■ Problem description: Nothing but the lines below from the one holding "A stunning dining" up to and including the one holding "De acordo com" should be copied, exactly and without pictures.

============

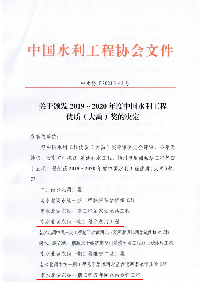集團公司承建的“南水北調東線一期工程穿黃河工程”,權屬公司山東省水利水電建筑工程承包有限公司承建的“南水北調東線一期工程萬年閘泵站樞紐工程”雙雙通過2019-2020年度中國水利工程優質(大禹)獎評選 ,榮獲中國水利工程優質(大禹)獎榮譽稱號。
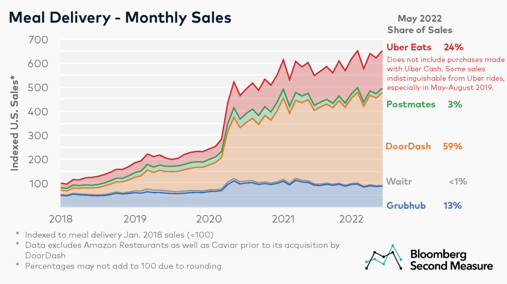 In the years since, DoorDash has rapidly overtaken Grubhub and all other competitors in market share, in particular curbing its closest recent competitor, UberEats.
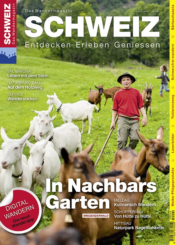 MedienmitteilungIn Nachbars Garten - Wandern im Bregenzerwald2016-03-31T09:30:23Solothurn (ots) - Der Bregenzerwald, im österreichischen Bundesland Vorarlberg, liegt in unmittelbarer Nähe zur Schweiz und der Schritt über die Grenze ist schnell einmal gemacht. Empfangen wird man von freundlichen Nachbarn und einer intakten Natur- und Kulturlandschaft. Die Dörfer überraschen mit einer Kombination aus alter und neuer Architektur, die Restaurants mit regionalen Spezialitäten und die Aussichtsberge mit einer unglaublichen Fernsicht bis zum Bodensee. Das Wandermagazin SCHWEIZ zeigt die schönsten Touren. Aus dem Inhalt - Kulinarische Wanderungen - Molkepflegeprodukte - Die schönsten Leserbilder - Auf dem Holzweg im Naturpark Thal - Bärlauchpasta schnell gemacht - Schmerzfrei wandern - Tobleroneweg - Wandersocken - Leben mit dem Stein Die Ausgabe «Bregenzerwald» des Wandermagazin SCHWEIZ ist ab sofort an allen grossen Kiosken oder direkt beim Rothus Verlag erhältlich (Preis CHF 14.80). www.wandermagazin.ch, wandermagazin@rothus.ch, Tel. 032 626 40 29. Kontakt: Download Titelseite und Medienmitteilung des aktuellen «Wandermagazin Permalink:
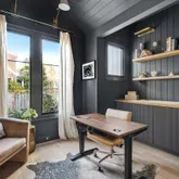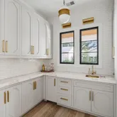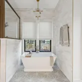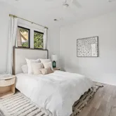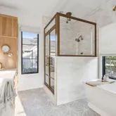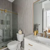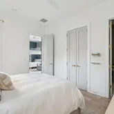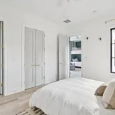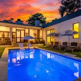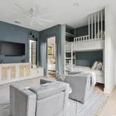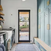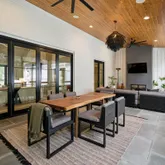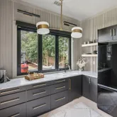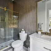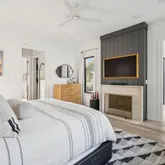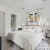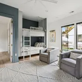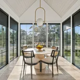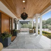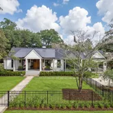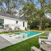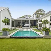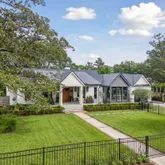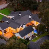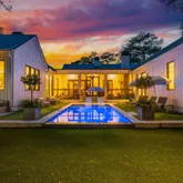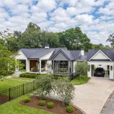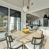 A stunning dining space filled with natural light and automatic shades creates the perfect setting for both everyday living and elevated gatherings. Out back, the screened porch overlooks the expansive backyard, ideal for morning coffee, evening cocktails, and everything in between. The home's layout is as intentional as it is elegant: the primary suite occupies its own private wing, living and entertaining spaces anchor the heart of the home, and additional bedrooms are thoughtfully placed in a separate wing to ensure privacy and quiet retreat. Each bedroom features its own en-suite bath, while two private offices (not included in the bedroom count) provide beautifully designed, dedicated workspaces. Fully custom cabinetry extends throughout the bathrooms, reinforcing the home's cohesive, high-end design language.
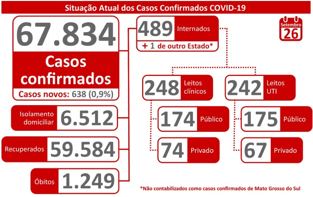 De acordo com a SES, dos 638 novos casos, 282 são de moradores de Campo Grande, em Dourados com teve 72, Três Lagoas com 38, Cassilândia com mais 20 casos e Miranda com 18. As cinco cidades que teve mais casos desde o inicío da pandemia, a Capital já contabiliza um total de 29.830 registros da doença, Dourados tem 7.126, Corumbá já registrou 3.986 casos, Três Lagoas com 2026 óbitos e Sidrolândia com 2.002.
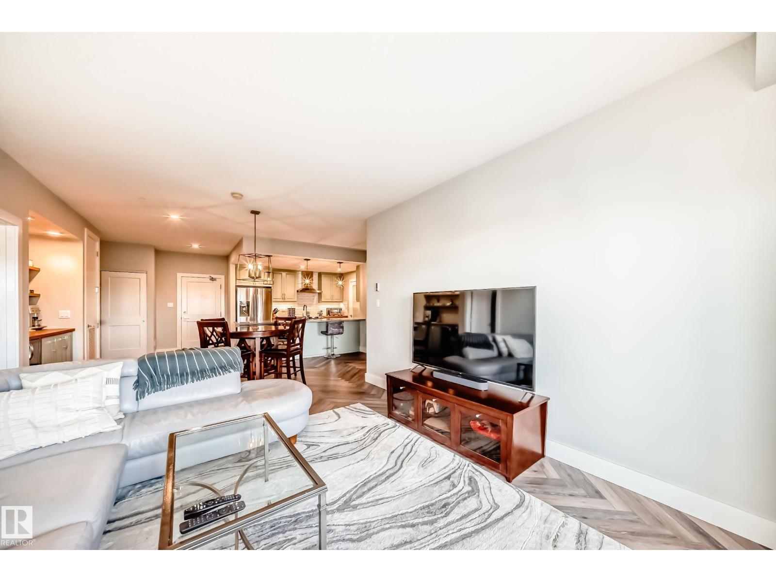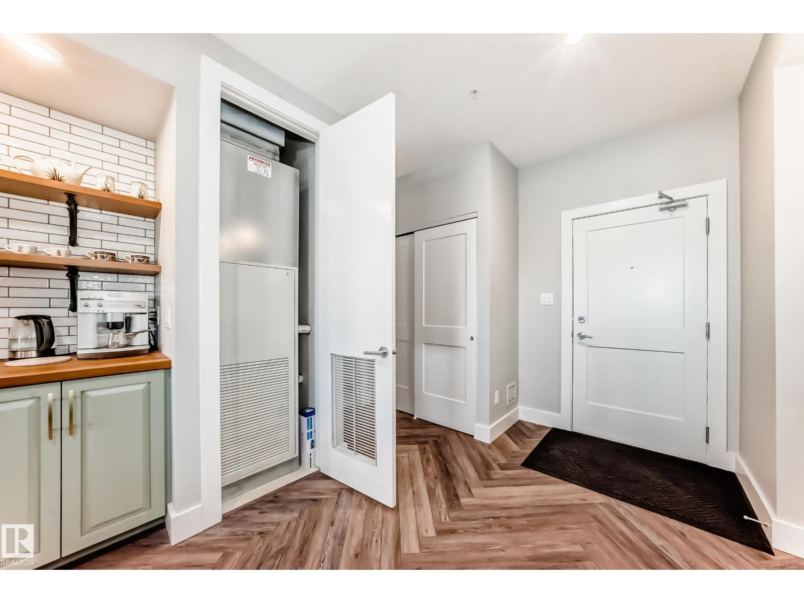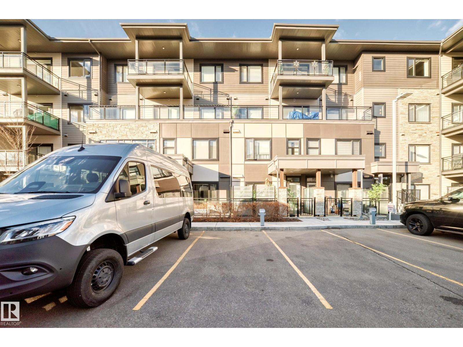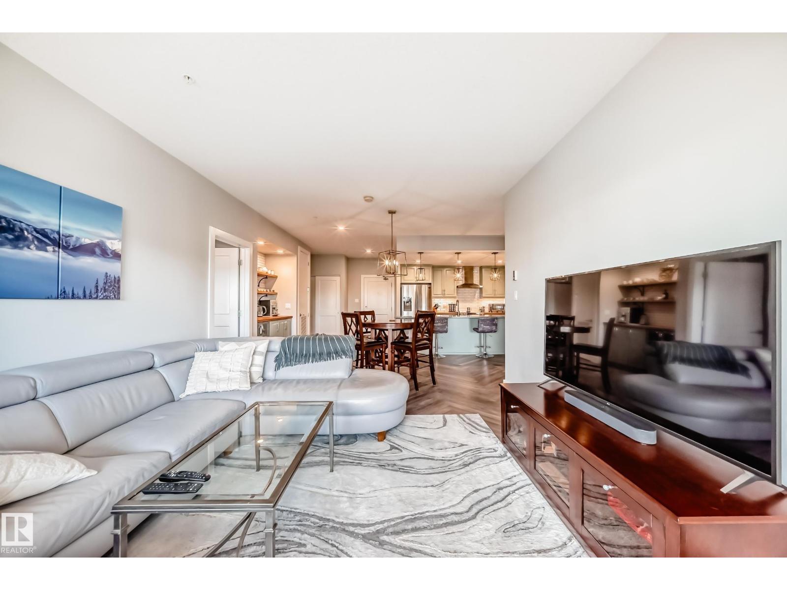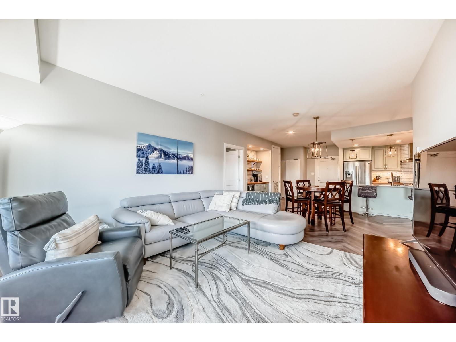 Beautiful Griesbach executive style 1,130 square foot, 2 bedroom, 2 bathroom, 2018 built, 3rd floor condo, in and incredible location backing onto greenspace and lake. The main floor has vinyl plank flooring, separate wet bar with mini fridge, and a great open floor plan with eat up island style kitchen having 2 tone cabinets, quartz countertops, upgraded stainless appliances, walk in pantry & sliding doors to a large balcony. The spacious primary bedroom has walk-through closets, and a 4 piece bathroom. The second bedroom is located close to the main 4 piece bathroom. There are 2 titled parking stalls included underground #98 and surface stall #11. The area has many amenities just minutes away, including shopping, transportation, schools, walking trails, and much more. The Veritas condominium complex has a beautiful front entrance and many extras including, fitness room, air conditioning, guest room, social room, & visitor parking out front. This unit shows pride of ownership and shows a 10 out of 10 (33798609)
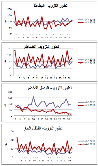 - زيادة في التزويد بالنسبة للطماطم (+58%) والفلفل الحار(+83%) مقابل تراجع بالنسبة للبصل الأخضر (-52%) والبطاطا (-8%).
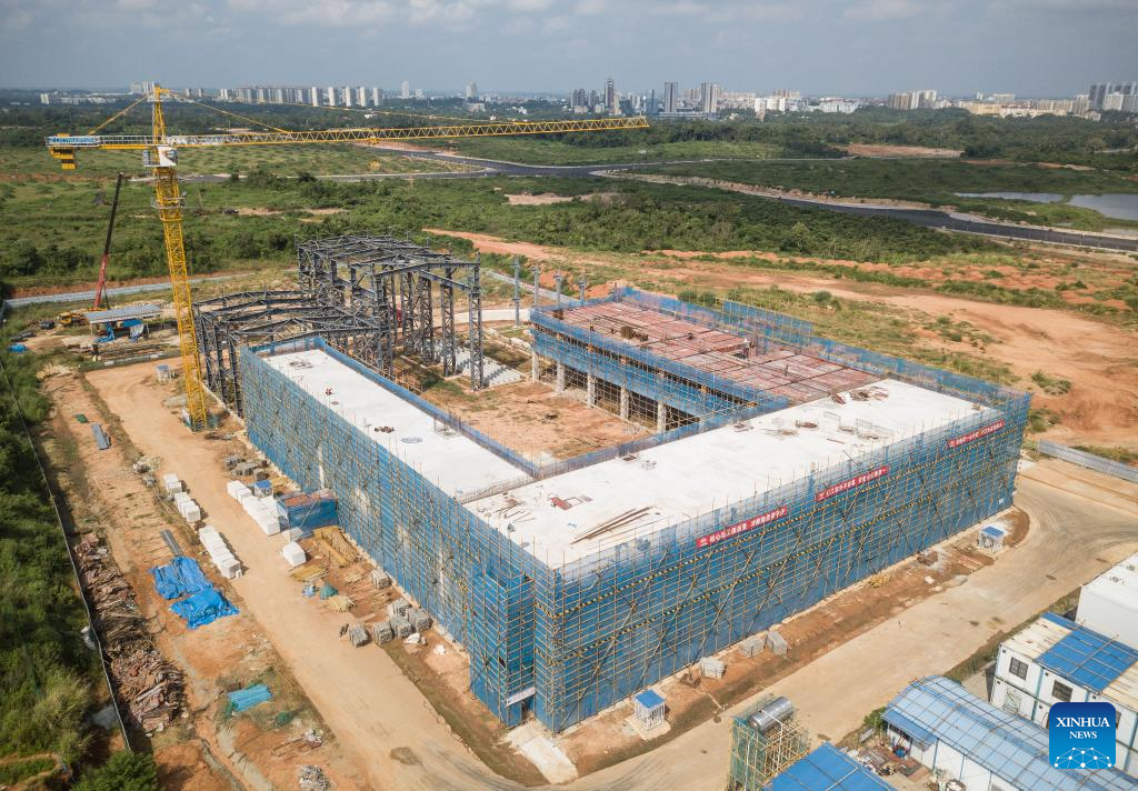 Aerial photo taken on Sept. 18, 2022 shows a satellite operation center under construction at the Wenchang International Aerospace City in Wenchang, south China's Hainan Province. Focusing on the development of aerospace science and technology, the Wenchang International Aerospace City, one of the key industrial parks of Hainan free trade port, is undergoing construction in an orderly manner. (Xinhua/Pu Xiaoxu)
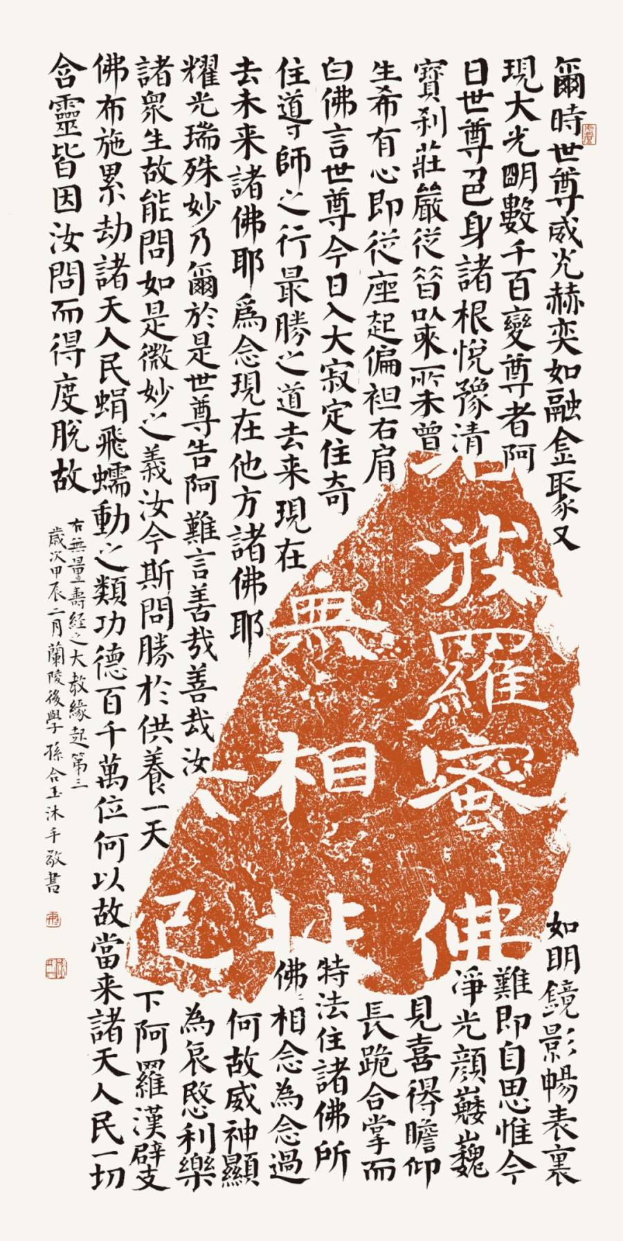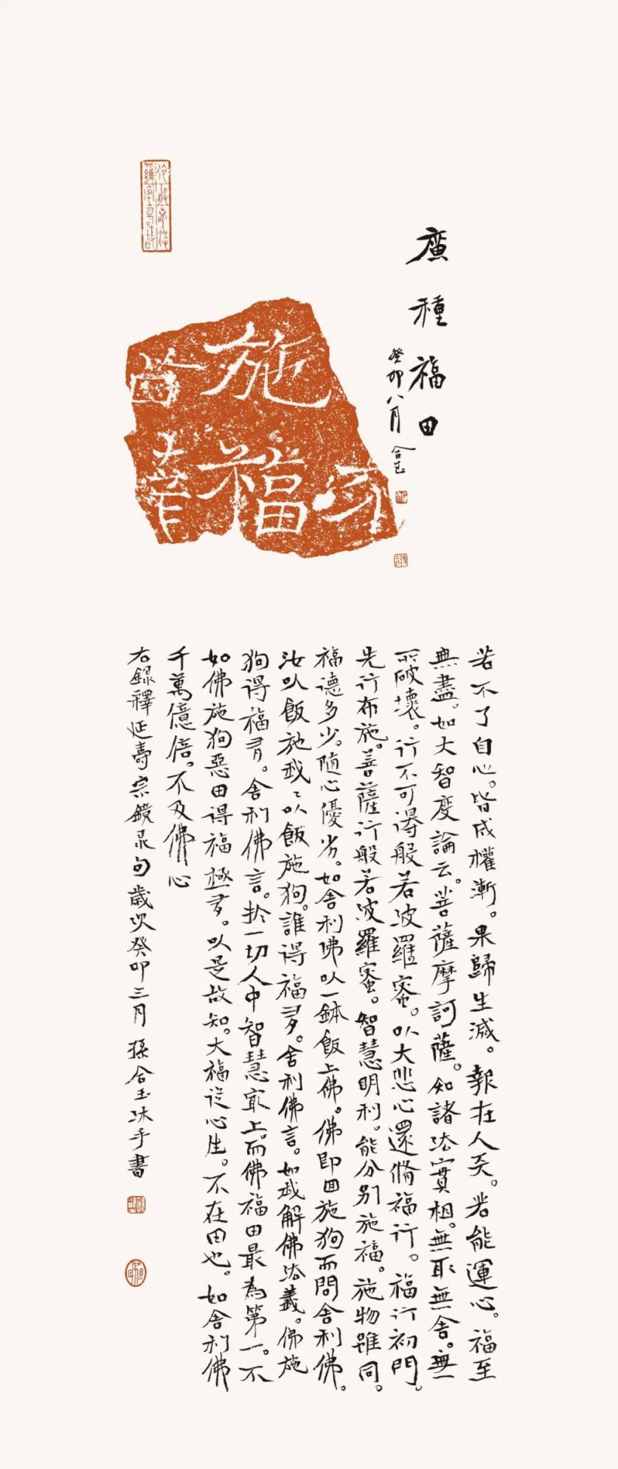 如大智度论云。菩萨摩诃萨。知诸法实相。无取无舍。无所破坏。行不可得般若波罗蜜。以大悲心。还修福行。福行初门。先行布施。菩萨行般若波罗蜜。智慧明利。能分别施福。施物虽同。福德多少。随心优劣。如舍利弗以一钵饭上佛。佛即回施狗。而问舍利弗。汝以饭施我。我以饭施狗。谁得福多。舍利弗言。如我解佛法义。佛施狗得福多。舍利弗者。于一切人中智慧最上。而佛福田最为第一。不如佛施狗恶田得福极多。以是故知。大福从心生。不在田也。如舍利弗。千万亿倍。不及佛心。右录释延寿《宗镜录》句。岁次癸卯三月,孙合玉沐手书
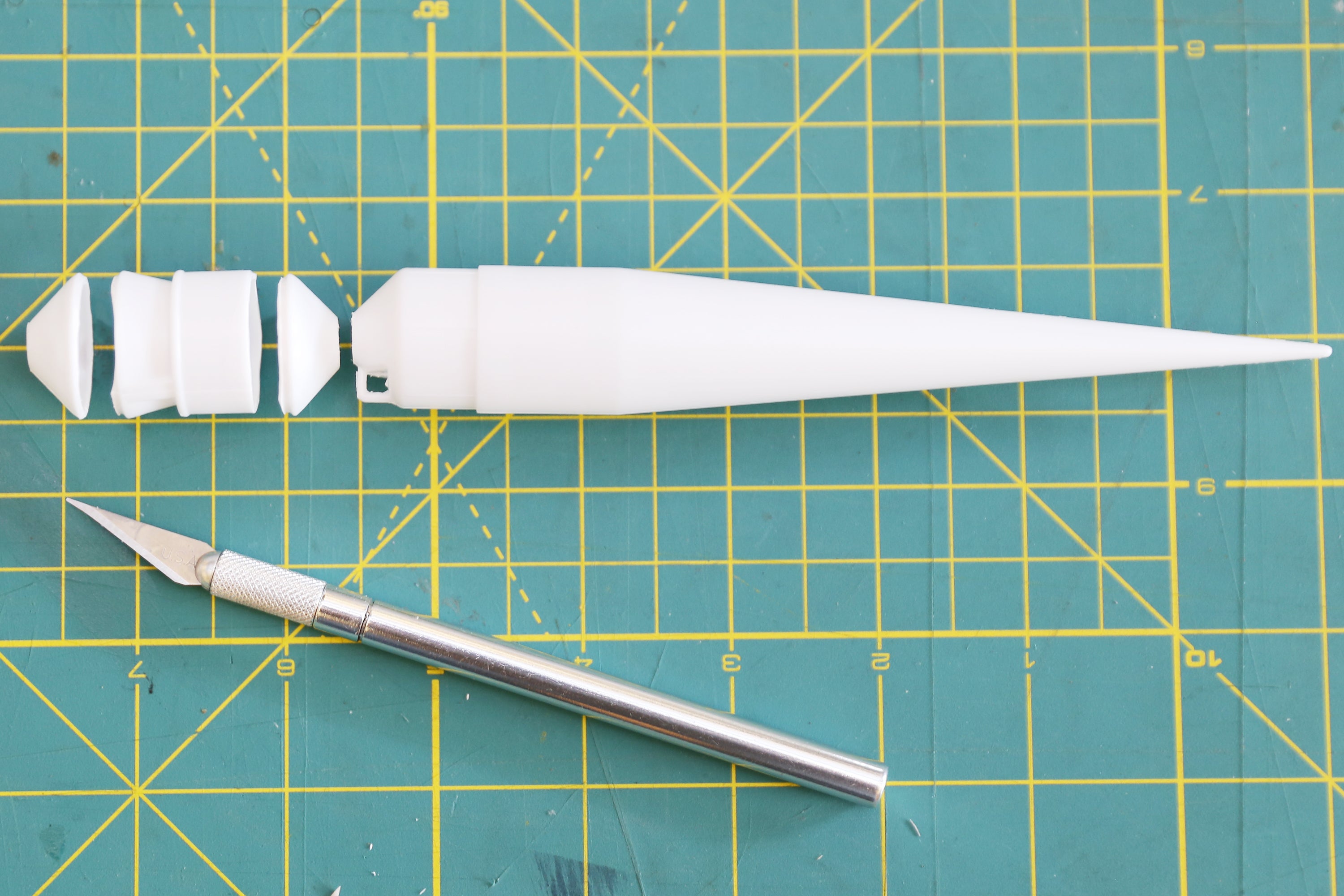 Though the plastic isn't thick, it can sometimes be difficult to separate the nose cone and engine nozzle. To separate mine, I used a sharp hobby knife to pierce the plastic connection and carefully work the blade around the circumference of the narrowest part of the back end of the nose cone.
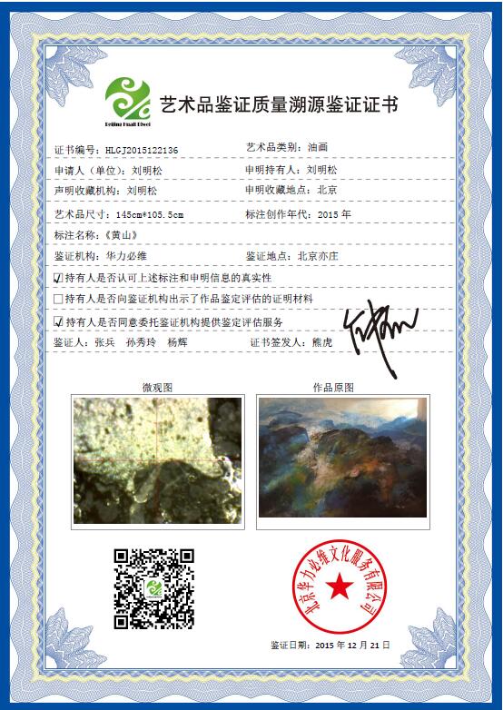 艺+1 艺术品鉴证质量溯源鉴证证书
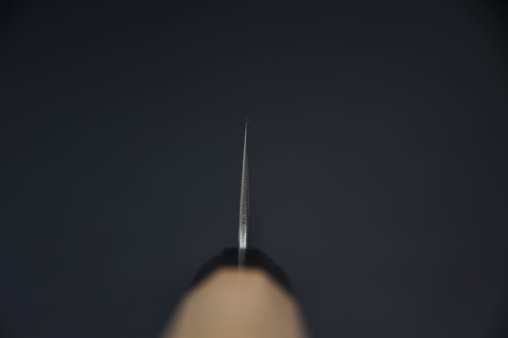 Pour prolonger la durée de vie du Gyuto et maintenir son tranchant, nous recommandons de l’affûter régulièrement avec un fusil en céramique de qualité ou en utilisant le bloc de cuir. Pour ce qui est de l'aiguisage sur pierre, nous recommandons de le faire une ou deux fois par années pour une utilisation non professionnelle. L’aiguisage sur pierre doit être fait avec soin et précision, en respectant l'angle de la lame et en suivant les techniques appropriées. Si vous voulez, on s’en occupe via notre service d’aiguisage expert. Si votre Gyuto est fabriqué à partir d’acier oxydable, il est essentiel de prendre soin de nettoyer et de sécher correctement la lame après chaque utilisation, afin de prévenir la formation de rouille et d'autres dommages liés à l'humidité. Dans le cas où votre couteau est fait d’acier inoxydable, on vous conseille tout de même de prendre soin de celui-ci et de ne pas le mettre au lave-vaisselle par exemple.
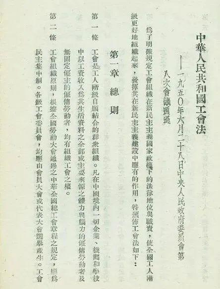 《工会法》共五章二十六条,对新中国工会的性质、组织原则、工会的权利与责任、工会基层组织、工会经费作出了规定。
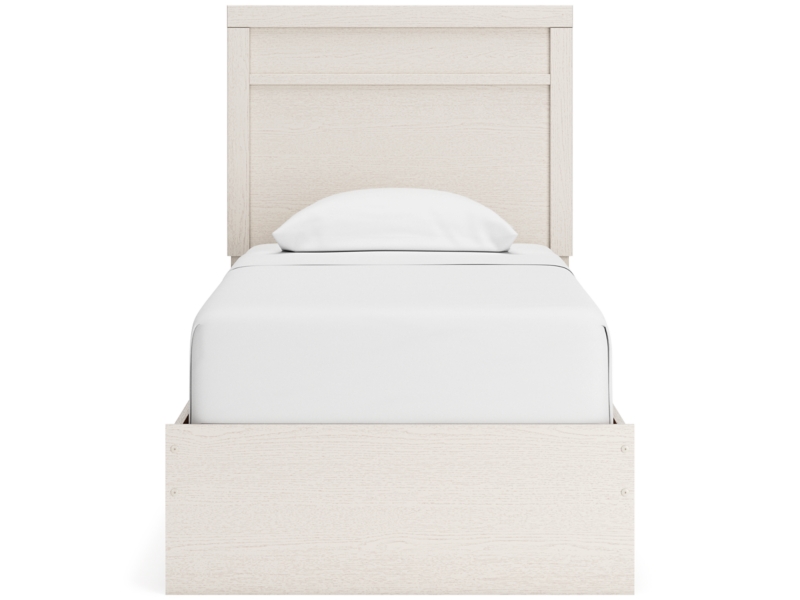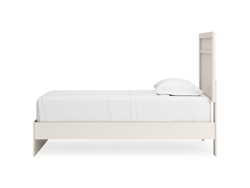 With its clean-lined look and modern attitude, this panel bed is a fresh style awakening. A crisp, white hue over subtle replicated wood grain easily complements other furniture finishes. Its simple, unadorned profile is given depth and dimension with the addition of plank-style moulding on the headboard—proof that beauty lies in the details.

============

■ Response area:
 A stunning dining space filled with natural light and automatic shades creates the perfect setting for both everyday living and elevated gatherings. Out back, the screened porch overlooks the expansive backyard, ideal for morning coffee, evening cocktails, and everything in between. The home's layout is as intentional as it is elegant: the primary suite occupies its own private wing, living and entertaining spaces anchor the heart of the home, and additional bedrooms are thoughtfully placed in a separate wing to ensure privacy and quiet retreat. Each bedroom features its own en-suite bath, while two private offices (not included in the bedroom count) provide beautifully designed, dedicated workspaces. Fully custom cabinetry extends throughout the bathrooms, reinforcing the home's cohesive, high-end design language.
 De acordo com a SES, dos 638 novos casos, 282 são de moradores de Campo Grande, em Dourados com teve 72, Três Lagoas com 38, Cassilândia com mais 20 casos e Miranda com 18. As cinco cidades que teve mais casos desde o inicío da pandemia, a Capital já contabiliza um total de 29.830 registros da doença, Dourados tem 7.126, Corumbá já registrou 3.986 casos, Três Lagoas com 2026 óbitos e Sidrolândia com 2.002.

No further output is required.